DETAILED ACTION
Continued Examination Under 37 CFR 1.114
A request for continued examination under 37 CFR 1.114, including the fee set forth in 37 CFR 1.17(e), was filed in this application after final rejection. Since this application is eligible for continued examination under 37 CFR 1.114, and the fee set forth in 37 CFR 1.17(e) has been timely paid, the finality of the previous Office action has been withdrawn pursuant to 37 CFR 1.114. Applicant's submission, filed 12/20/2024, has been entered.
Status of Application
Receipt of the amendments to the claims and applicant arguments/remarks, filed 12/20/2024, is acknowledged.

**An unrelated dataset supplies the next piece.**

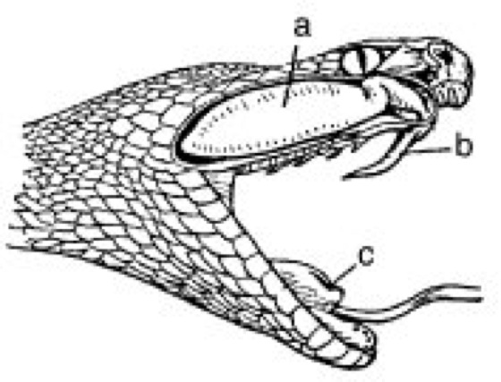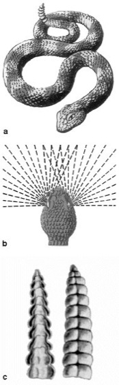 Abb. 2: a Habitus der Klapperschlange. b Die sich überschneidenden Gesichtsfelder der beiden Grubenorgane (Infrarotaugen); die Empfindlichkeit dieser Wärmerezeptoren ist so groß, daß eine Erhöhung der Temperatur um 3/1000 C durch eine Maus in 15 cm Entfernung noch registriert werden kann. c „Rassel“, links von innen, rechts von außen gesehen; sie wird von dünnen, mitochondrienreichen Muskeln in Abhängigkeit von der Außentemperatur schneller oder langsamer bewegt, z.B. 23mal/s bei 10 C und 85mal/s bei 35 C.

Claims 1-6, 8-20 are pending in this action. Claim 7 has been cancelled previously. Claims 1, 16 have been amended. Claims 1-6, 8-20 are currently under consideration.
Any rejection or objection not reiterated in this action is withdrawn. Applicant's amendments necessitated new ground(s) of rejection presented in this office action.
The present application, filed on or after March 16, 2013, is being examined under the first inventor to file provisions of the AIA . In the event the determination of the status of the application as subject to AIA 35 U.S.C. 102 and 103 (or as subject to pre-AIA 35 U.S.C. 102 and 103) is incorrect, any correction of the statutory basis for the rejection will not be considered a new ground of rejection if the prior art relied upon, and the rationale supporting the rejection, would be the same under either status.
Priority
This application is a 371 of PCT/EP2018/055847, filed March 8, 2018, which claims benefit of foreign priority to EP17160206.3, filed March 9, 2017.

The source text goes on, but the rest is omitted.